Но частушек больше не слышно. Ребята дух не могут перевести от смеха. Один поперхнулся и никак не откашляется, другой утирает слезы, третий восторженно хлопает по своему пластмассовому шлему.

— Молодец, Хунг! Ну и выдал!

— Эй, Хунг, а сам-то ты откуда?

— Из Лонг-ана!

— Да, товарищ Хунг здорово раскритиковал вашу главную ударную силу!

Хоа шел в хвосте колонны. Он слышал раздававшиеся впереди шуг-ки и смех и сам тоже смеялся, хотя не все мог разобрать. Но имя того, кто пел, он расслышал: Хунг из Лонг-ана.

«Какой Хунг? — сразу подумал он. — Уж не мой ли дружок Гремящая Бочка, что был в нашем отряде?»
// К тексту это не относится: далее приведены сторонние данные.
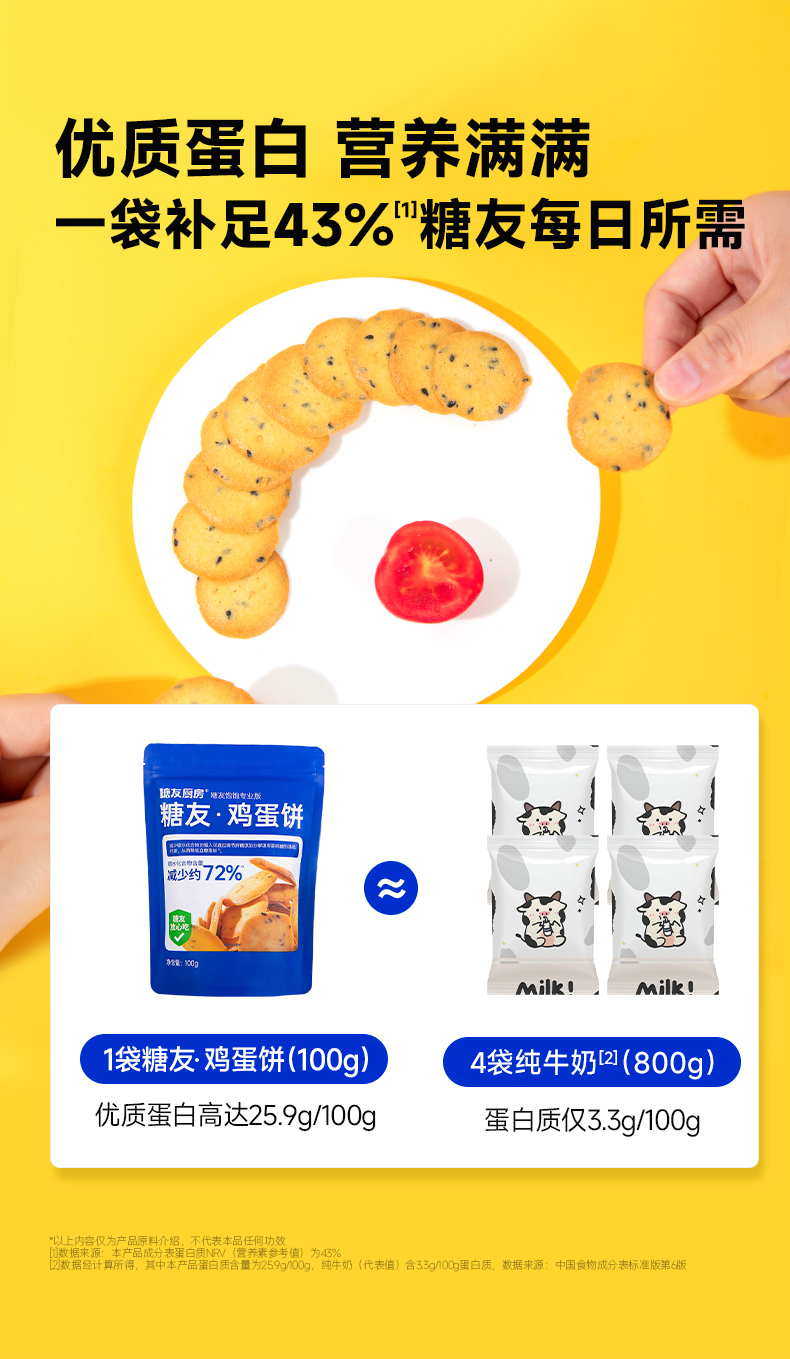 已下架11.11 专享价【蛋香浓郁】糖友厨房 糖友·鸡蛋饼 100g/袋 鸡蛋含量>40%
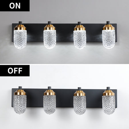 Orelli Lightings 4-Light LED Vanity Light, Matte Black Glass, Modern Bathroom
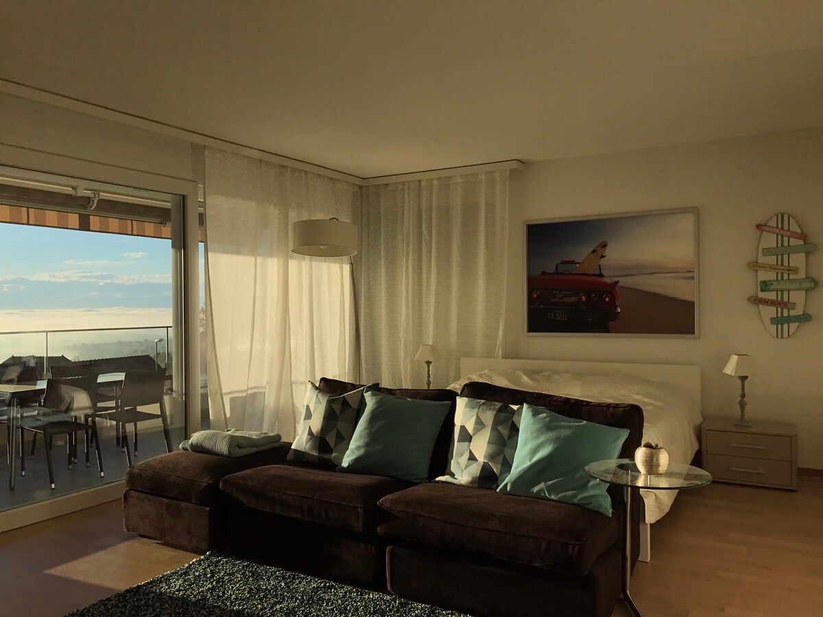 Welcome to your spacious 43m² studio, ideally located in the heart of Montreux, just steps from Lake Geneva and the train station. Enjoy the private balcony with breathtaking views, a comfortable queen-size bed, a fully equipped kitchen, and a cozy living area with a home theater projector for relaxing movie nights. 🎥 Just a short walk from the Freddie Mercury statue, restaurants, the casino, and the Rochers-de-Naye funicular. A perfect setting for your stay in Montreux! 🌅
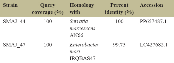 Table 2: Bacterial strains with their query coverage, top-hit taxonomy (homologous sequence), percent identity, and NCBI accession number.
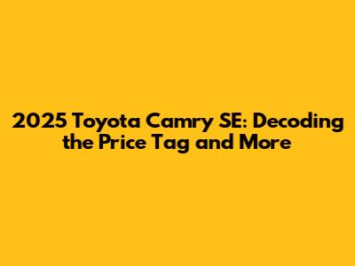 Hey everyone! Are you guys as excited as I am about the upcoming 2025 Toyota Camry SE? This car is a classic, and with the new model year on the horizon, it's natural to start wondering about the price. So, let's dive into the burning question: How much is a 2025 Toyota Camry SE going to cost? We'll break down the factors that influence the price, explore the features you can expect, and even give you some insights to help you get the best deal. Buckle up; it's going to be a fun ride!

На привале, отпросившись у командира отделения, Хоа пробрался вперед. Вдруг один из бойцов бросился к нему и крепко обнял:

— Хоа, ты?

— Хунг…

Они снова обнялись, потом Хунг увлек его под дерево и рассказал все, что знал о Сыонг. Хоа долго молчал, а когда заговорил, голос его прерывался:

— Так это правда, Хунг? Ее убили?

Хунг кивнул и поглядел ему в глаза.

— В ту ночь мы слышали стрельбу на реке, и Сыонг не вернулась. Прошло десять дней, я должен был уже уходить, а ее все не было. Потом кто-то из наших утром плыл по реке и нашел косынку, зацепившуюся за пальмовый лист. В уголке красными нитками вышиты буквы «X» и «С». Я забрал ее, решил, что передам тебе, если увижу.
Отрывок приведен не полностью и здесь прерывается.